- EXERCISE INSTRUCTIONS -
Below are some records. Return exactly the lines from the one with "Mechanism cover included, but" to the one with "EZ Test 'n Set", and nothing else.

- INPUT MATERIAL -
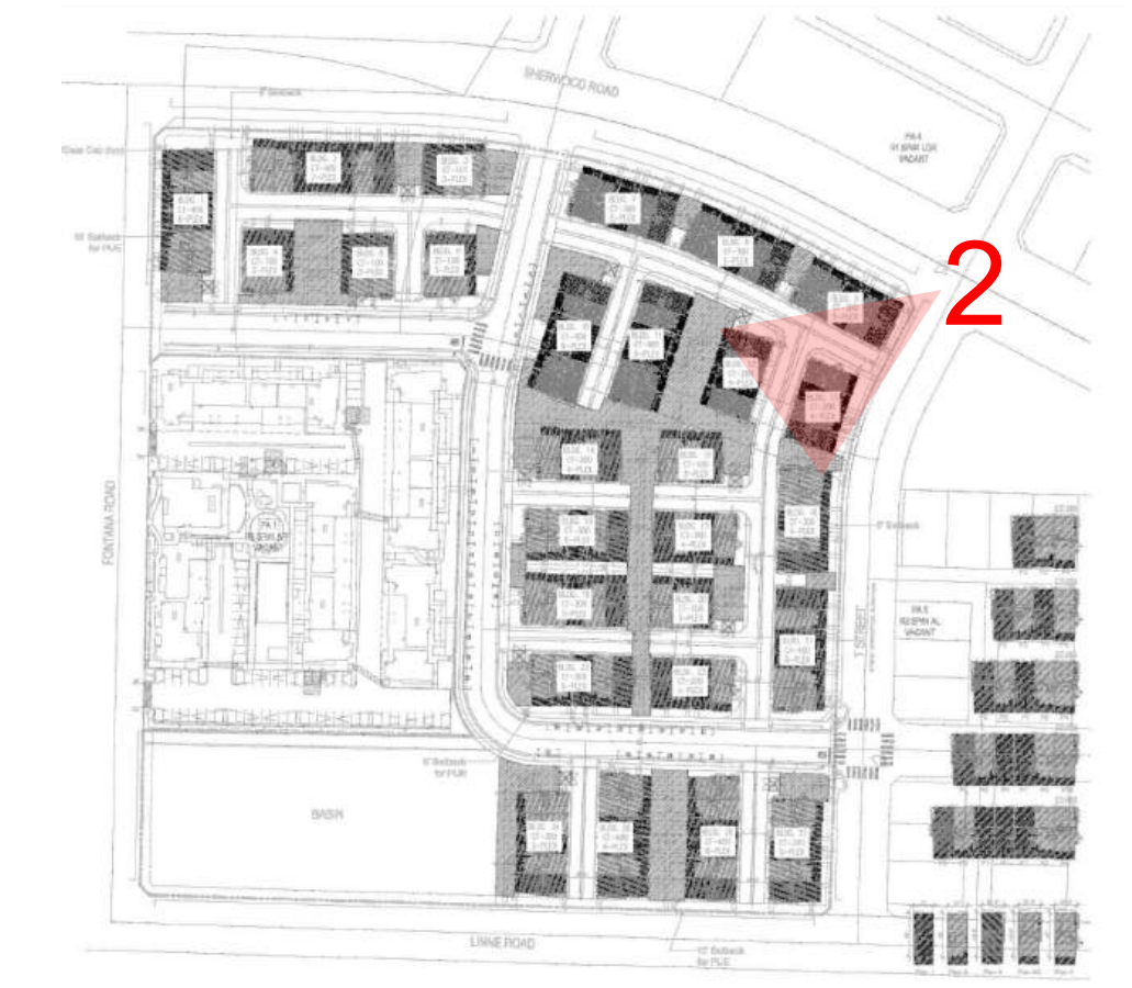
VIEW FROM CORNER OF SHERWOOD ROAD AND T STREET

...

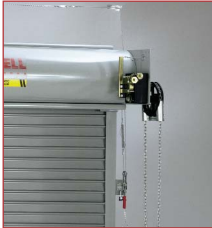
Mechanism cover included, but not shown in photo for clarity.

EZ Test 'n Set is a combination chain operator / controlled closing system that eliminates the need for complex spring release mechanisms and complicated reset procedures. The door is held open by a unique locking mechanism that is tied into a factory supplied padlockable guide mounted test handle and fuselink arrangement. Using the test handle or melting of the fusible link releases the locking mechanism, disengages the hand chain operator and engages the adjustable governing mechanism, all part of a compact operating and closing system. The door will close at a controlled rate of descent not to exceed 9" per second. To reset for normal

- OUTPUT FOR THIS EXERCISE -
Mechanism cover included, but not shown in photo for clarity.

EZ Test 'n Set is a combination chain operator / controlled closing system that eliminates the need for complex spring release mechanisms and complicated reset procedures. The door is held open by a unique locking mechanism that is tied into a factory supplied padlockable guide mounted test handle and fuselink arrangement. Using the test handle or melting of the fusible link releases the locking mechanism, disengages the hand chain operator and engages the adjustable governing mechanism, all part of a compact operating and closing system. The door will close at a controlled rate of descent not to exceed 9" per second. To reset for normal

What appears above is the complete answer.